= Twyla Exner =

Canadian artist

Twyla Exner is a Canadian contemporary artist and assistant teaching professor at Thompson Rivers University in Kamloops, Secwepemcúl̓ecw in British Columbia. She creates art works in various mediums, including drawing, sculpture, ceramics, and installation. Exner's pieces explore themes of nature, combined with technology and electronics, and have been exhibited across Canada. She previously worked as the director of Public Programs at Two Rivers Gallery.

== Education ==
Exner studied at the University of Regina, receiving her Bachelor of Fine Arts in sculpture in 2004. She then went on to complete a Master of Fine Arts in studio arts from Concordia University in 2010.

== Career ==
In addition to TRU, Exner has also taught at Grande Prairie Regional College in Grande Prairie, Alberta. She was a part of the Saskatchewan arts community as a curator, writer, art juror, mentor, and artist. In 2014, Exner was selected to exhibit her work at the Art Gallery of Algoma, based on the high quality of her work, and also her willingness to engage with the community by teaching workshops, and giving artists talks. The event was covered by Shaw TV.

Exner has received grants from the Saskatchewan Arts Board (2006, 2009, 2011, 2012). She is a member of CARFAC.

== Work ==
Exner creates hands-on, labour-intensive sculptures. Some of her work is made by weaving together salvaged electronic components, like wires and circuits. She also makes detailed drawings that connote themes of invention; merging technology and biology.

Exner's work has been exhibited across Canada. In 2013 and 2014, her work became part of the Organization of Saskatchewan Arts Councils' touring show, Creative Play: Saskatchewan Arts Board 65th Anniversary Exhibition. Her work is in private collections, and the collection of the Saskatchewan Arts Board.

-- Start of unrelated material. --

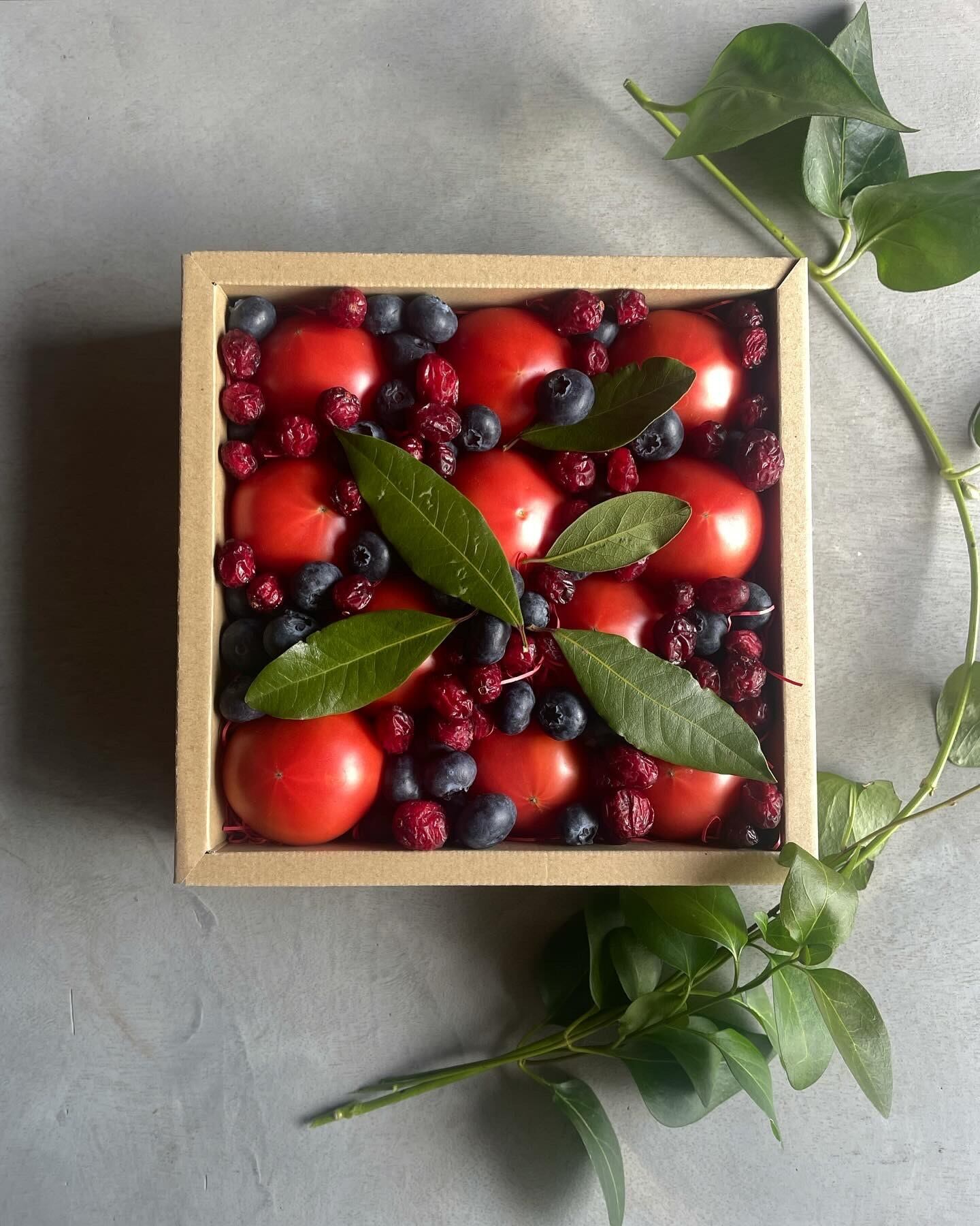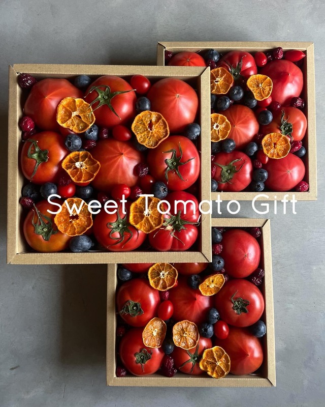 フルーツトマト約大9個もしくは約中11個とハーブ、季節の果物、オーガニックドライクランベリーを20cm正方形のスリーブBOXにお入れして全国へお届けいたします。

Exner used the materials and imagery associated with electronics, and explores the concept of a sublime technological environment where electronic devices become unpredictable and evolve in a manner resembling living organisms.

== Exhibitions ==
Exner has shown her art works in a number of solo and group exhibitions across Canada, including the art gallery of St Albert, the Campbell River Art Gallery, the Vernon Public Art Gallery, the ODD Gallery, and the Cube Gallery.

=== Solo exhibitions ===
- 2020 – Cling, Cube Gallery at Kamloops Art Gallery, Kamloops BC.
- 2018 – Send & Receive | Arnica Artist-Run Centre | Kamloops, BC.
- 2017 – Technological Wanders, Art Gallery of Saint Albert, Saint Albert, AB.
- 2015 – Structure of a Substance: Cluster, Campbell River Art Gallery, Campbell River, BC.
- 2014 – Systems & Things, Vernon Public Art Gallery, Vernon, BC.
- 2012 – Entangled, Odd Gallery (KIAC), Dawson City, YT.

=== Group exhibitions ===
- 2019 – Curiosity Collider: Invasive Systems | VIVO | Vancouver, BC.
- 2018 – Remembering Mr. LeBlonde | Last Mountain Lake Cultural Centre | Regina Beach, SK.
- 2018 – Send & Receive | The Works Art & Design Festival | Edmonton, AB.
- 2017 – Colour | Hill Tower | Saskatchewan Arts Board Collection Exhibition | Curator: Belinda Harrow | Regina, SK.
- 2016 – Visual Arts Faculty Biennial, Thompson Rivers University Gallery, Kamloops, BC.
- 2014 –Creative Play: Saskatchewan Arts Board 65th Anniversary Exhibition, program for ten Saskatchewan venues.
- 2010 – Detritus Ecologies, Gallery 101, Ottawa, ON.